Шрифт:
Интервал:
Закладка:
— Ты ищешь меня, — помолчав, сказала Айкони. — Твоё сердце плачет?
— Да. Оно не стучит, но всё равно болит.
— Многие люди не хотят быть мёртвыми, — Айкони понимающе кивнула.
— Меня утопили правильно. Я сделала плохое дело.

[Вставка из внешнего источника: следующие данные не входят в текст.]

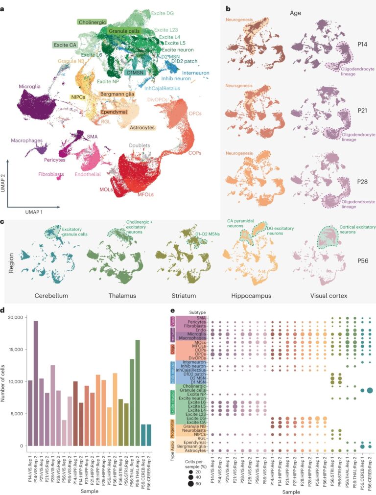 The researchers discovered, for instance, that for a lot of genes essential in neuron-to-neuron signaling, the identical cell sort expressed totally different mRNA isoforms in numerous mind areas. Variation was much more pronounced throughout adolescence when many isoforms exhibited surprising patterns of fluctuation.

Айкони усмехнулась. Какое плохое дело могла сделать Хомани? Ей всегда не хватало силы жизни, и потому Мать Всех Зверей дала ей тонкую и короткую жилку судьбы. Хомани не испытала того, что испытала сестра. Проданную отцом, Айкони мучили в Берёзове: русские мужчины избивали и насиловали её. В Тобольске Айкони предал князь. Потом она бежала, убив человека, но Пантила изгнал её из Певлора. Она одна скиталась по тайге. Она голодала, замерзала и болела. Нахрач заставил её сражаться с медведем, сожравшим трёх человек. Люди русского старика-шамана брали её в плен, и ва-ентурский вогул стрелял в неё из лука. Вот это — тяжёлая жизнь, в которой можно сделать много плохих дел. А у Хомани была лёгкая жизнь. Её забрали из дома и, не тронув, продали бухарцу — вот и всё. Она не грызла осиновую кору, не ходила по снегу в дырявых чирках, не уворачивалась от Когтистого Старика, клыки которого были размером с её нож. Нет, слабенькая Хомани жила нетрудно и потому не могла сотворить ничего дурного.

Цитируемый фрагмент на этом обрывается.